▸ **COLLECTED MATERIAL**
Content starts

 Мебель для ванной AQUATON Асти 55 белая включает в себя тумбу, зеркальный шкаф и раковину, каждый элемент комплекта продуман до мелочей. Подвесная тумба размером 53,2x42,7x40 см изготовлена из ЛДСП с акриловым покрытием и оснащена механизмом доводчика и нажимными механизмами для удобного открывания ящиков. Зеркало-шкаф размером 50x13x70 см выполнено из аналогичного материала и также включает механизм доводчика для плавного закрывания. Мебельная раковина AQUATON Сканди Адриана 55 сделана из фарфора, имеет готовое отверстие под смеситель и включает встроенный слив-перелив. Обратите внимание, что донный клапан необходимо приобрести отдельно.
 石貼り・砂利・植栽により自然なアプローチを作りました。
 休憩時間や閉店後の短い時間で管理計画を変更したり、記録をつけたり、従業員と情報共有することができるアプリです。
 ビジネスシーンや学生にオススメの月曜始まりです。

Content ends

▸ **TASK REQUIREMENTS**
Exact copies are needed of the line with "休憩時間や閉店後の短い時間で" and each line after it through the end of the material above.

▸ **WRITTEN RESPONSE**
 休憩時間や閉店後の短い時間で管理計画を変更したり、記録をつけたり、従業員と情報共有することができるアプリです。
 ビジネスシーンや学生にオススメの月曜始まりです。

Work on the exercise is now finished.